# Problem to solve
The expected result is an exact restatement of the data, free of pictures.

********

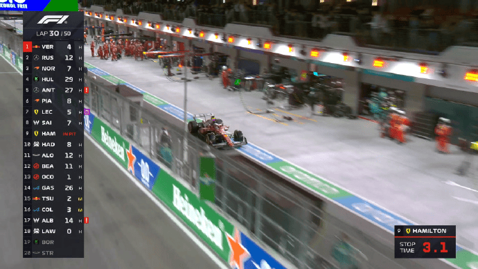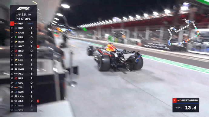 维斯塔潘进站稍慢,出站后继续领跑比赛;
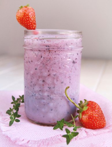 3 Coloque em copos e sirva com mirtilos cortados por cima.
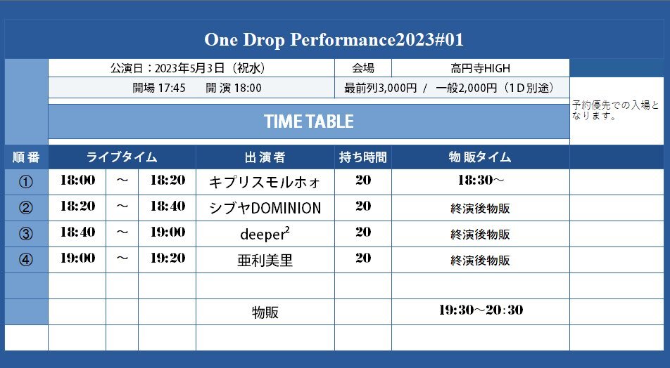 【LIVE情報】2023.5.3(Wed)One Drop Performance2023#01
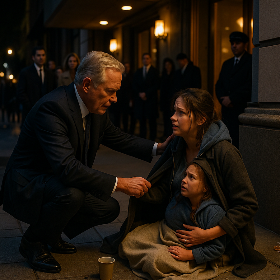 On that bitter night, she sat near the entrance of a luxury hotel, clutching a worn blanket around her shoulders. Her lips trembled as she whispered to passersby, “Anything… please.” Most looked away. Some tossed coins. A few muttered insults.
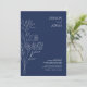 Minimal Navy Blue White Wildblumen Hochzeit Einladung
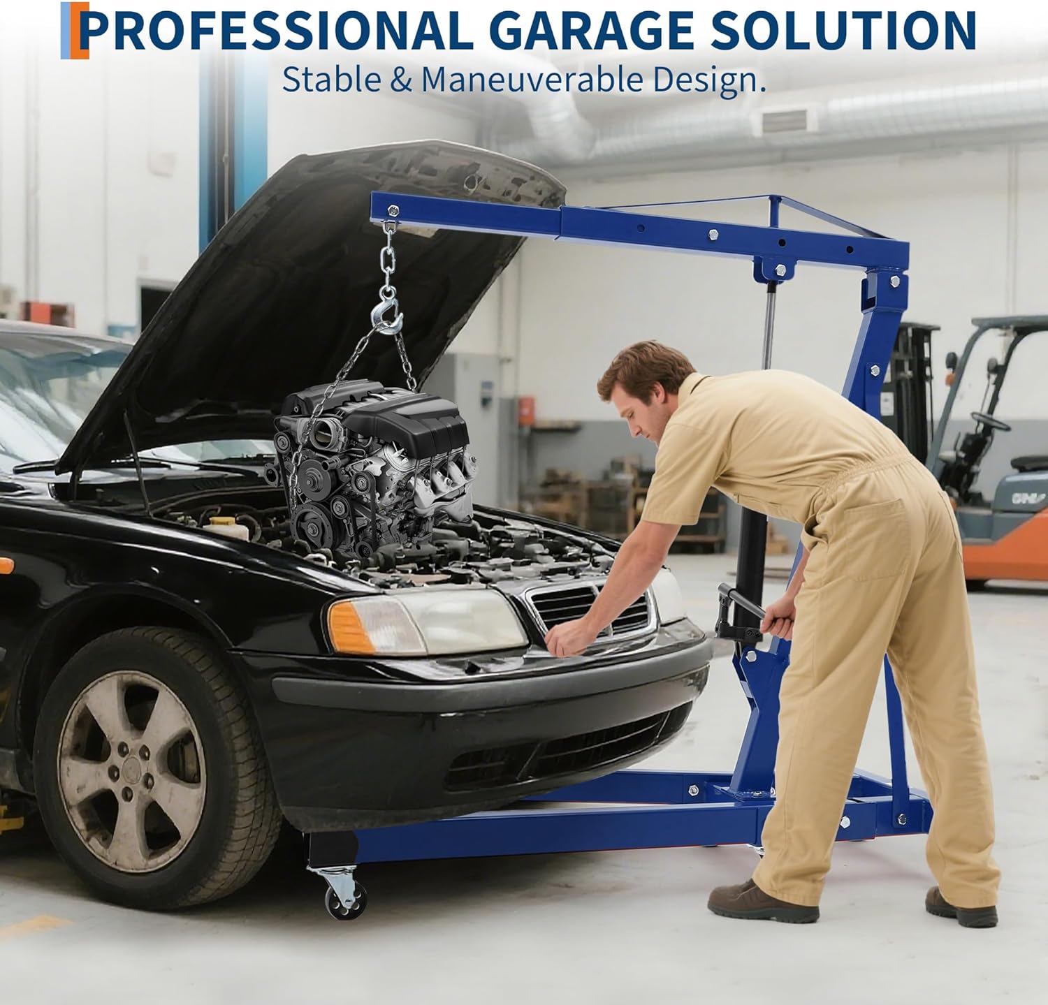 - Wide Applications for Workshop & Garage: This folding cherry picker engine hoist is built for a range of tasks including lifting engines, axles, transmissions, and motor components, serving as a reliable and easy-to-operate motor lift and hydraulic engine hoist for both professionals and DIY enthusiasts

********

# Exercise output
 维斯塔潘进站稍慢,出站后继续领跑比赛;
 3 Coloque em copos e sirva com mirtilos cortados por cima.
 【LIVE情報】2023.5.3(Wed)One Drop Performance2023#01
 On that bitter night, she sat near the entrance of a luxury hotel, clutching a worn blanket around her shoulders. Her lips trembled as she whispered to passersby, “Anything… please.” Most looked away. Some tossed coins. A few muttered insults.
 Minimal Navy Blue White Wildblumen Hochzeit Einladung
 - Wide Applications for Workshop & Garage: This folding cherry picker engine hoist is built for a range of tasks including lifting engines, axles, transmissions, and motor components, serving as a reliable and easy-to-operate motor lift and hydraulic engine hoist for both professionals and DIY enthusiasts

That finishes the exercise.